• **Entries shown**
^^^^

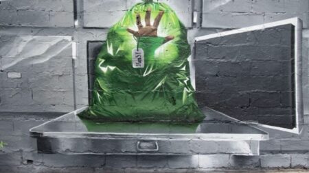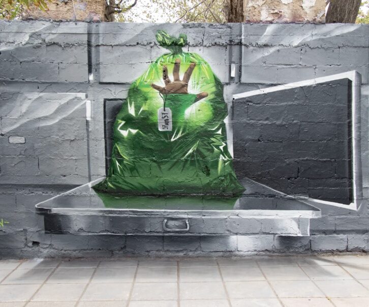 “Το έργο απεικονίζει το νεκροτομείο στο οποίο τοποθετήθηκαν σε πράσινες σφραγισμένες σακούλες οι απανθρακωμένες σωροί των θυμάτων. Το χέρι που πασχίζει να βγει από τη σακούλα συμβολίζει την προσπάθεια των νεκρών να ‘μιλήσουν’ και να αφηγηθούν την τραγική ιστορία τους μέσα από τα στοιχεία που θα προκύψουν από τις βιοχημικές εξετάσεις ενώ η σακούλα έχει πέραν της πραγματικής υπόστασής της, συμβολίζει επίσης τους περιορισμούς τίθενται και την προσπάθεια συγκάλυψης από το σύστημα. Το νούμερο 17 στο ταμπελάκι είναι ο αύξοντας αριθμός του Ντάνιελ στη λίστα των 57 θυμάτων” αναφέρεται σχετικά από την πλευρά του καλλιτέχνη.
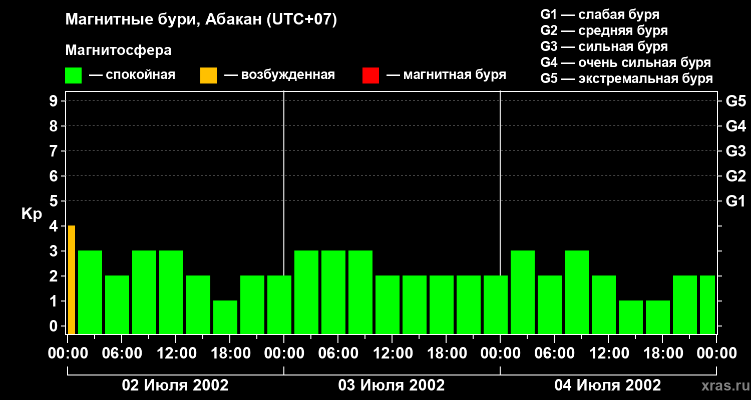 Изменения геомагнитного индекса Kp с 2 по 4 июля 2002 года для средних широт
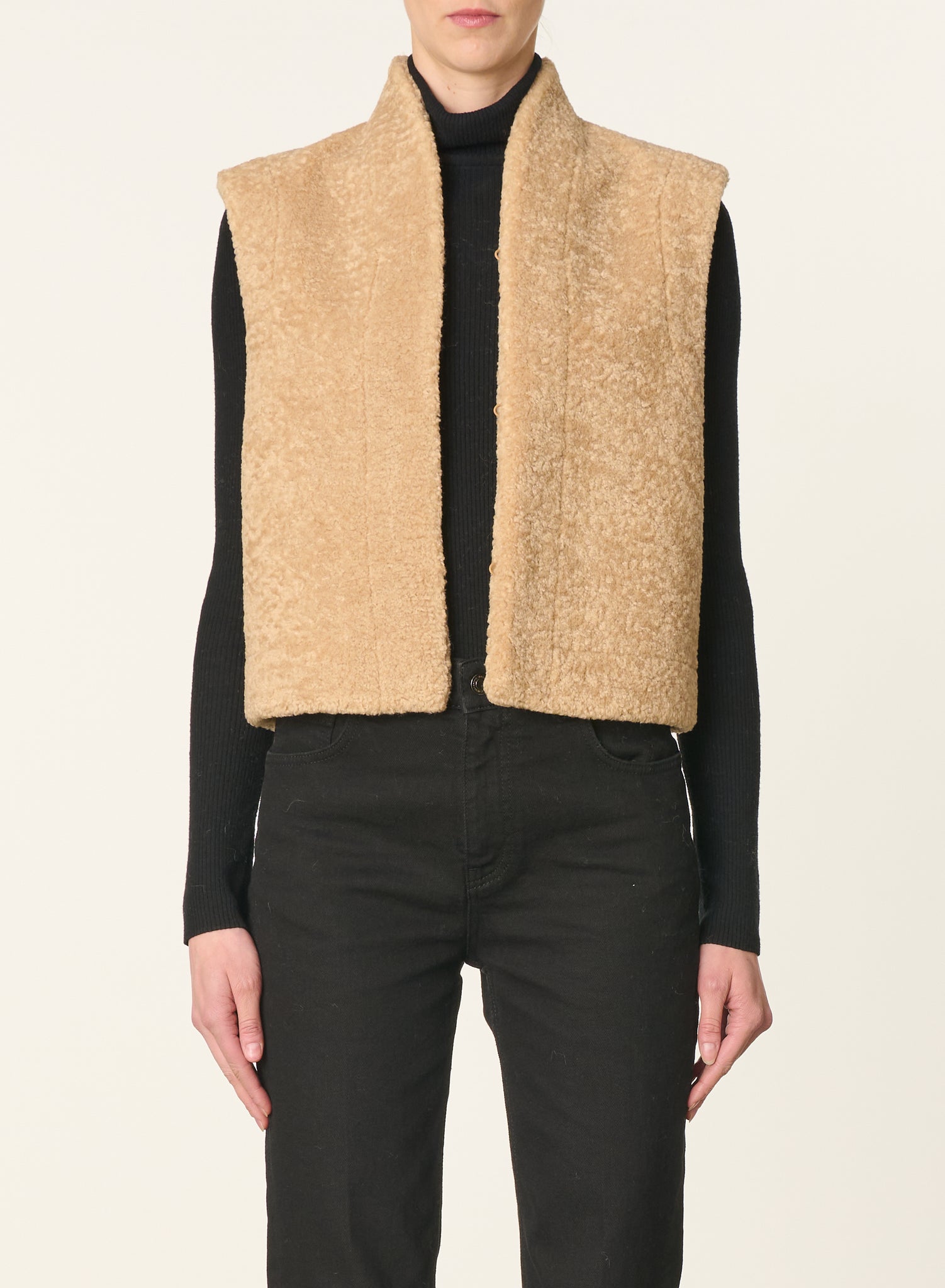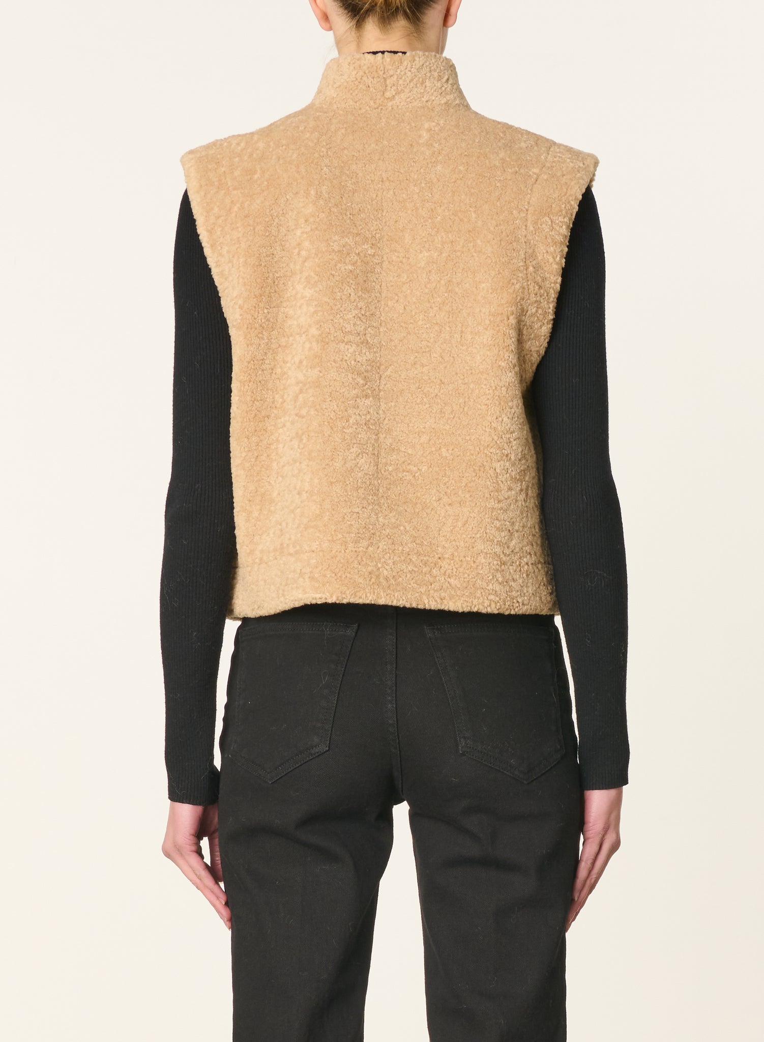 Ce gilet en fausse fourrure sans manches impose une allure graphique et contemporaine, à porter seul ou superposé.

^^^^

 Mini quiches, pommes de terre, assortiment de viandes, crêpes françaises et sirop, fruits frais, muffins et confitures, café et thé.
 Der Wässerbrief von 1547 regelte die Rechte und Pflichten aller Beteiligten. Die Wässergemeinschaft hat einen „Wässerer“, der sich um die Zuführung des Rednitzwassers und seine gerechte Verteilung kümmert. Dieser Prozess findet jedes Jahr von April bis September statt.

^^^^

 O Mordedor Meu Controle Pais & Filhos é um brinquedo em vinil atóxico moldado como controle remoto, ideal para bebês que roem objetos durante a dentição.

^^^^

• **Task goal**
Please output, exactly as written, the lines above from the one holding "πλευρά του καλλιτέχνη." through the one holding "Ce gilet en", both included, with the pictures omitted.

• **Response area**
 “Το έργο απεικονίζει το νεκροτομείο στο οποίο τοποθετήθηκαν σε πράσινες σφραγισμένες σακούλες οι απανθρακωμένες σωροί των θυμάτων. Το χέρι που πασχίζει να βγει από τη σακούλα συμβολίζει την προσπάθεια των νεκρών να ‘μιλήσουν’ και να αφηγηθούν την τραγική ιστορία τους μέσα από τα στοιχεία που θα προκύψουν από τις βιοχημικές εξετάσεις ενώ η σακούλα έχει πέραν της πραγματικής υπόστασής της, συμβολίζει επίσης τους περιορισμούς τίθενται και την προσπάθεια συγκάλυψης από το σύστημα. Το νούμερο 17 στο ταμπελάκι είναι ο αύξοντας αριθμός του Ντάνιελ στη λίστα των 57 θυμάτων” αναφέρεται σχετικά από την πλευρά του καλλιτέχνη.
 Изменения геомагнитного индекса Kp с 2 по 4 июля 2002 года для средних широт
 Ce gilet en fausse fourrure sans manches impose une allure graphique et contemporaine, à porter seul ou superposé.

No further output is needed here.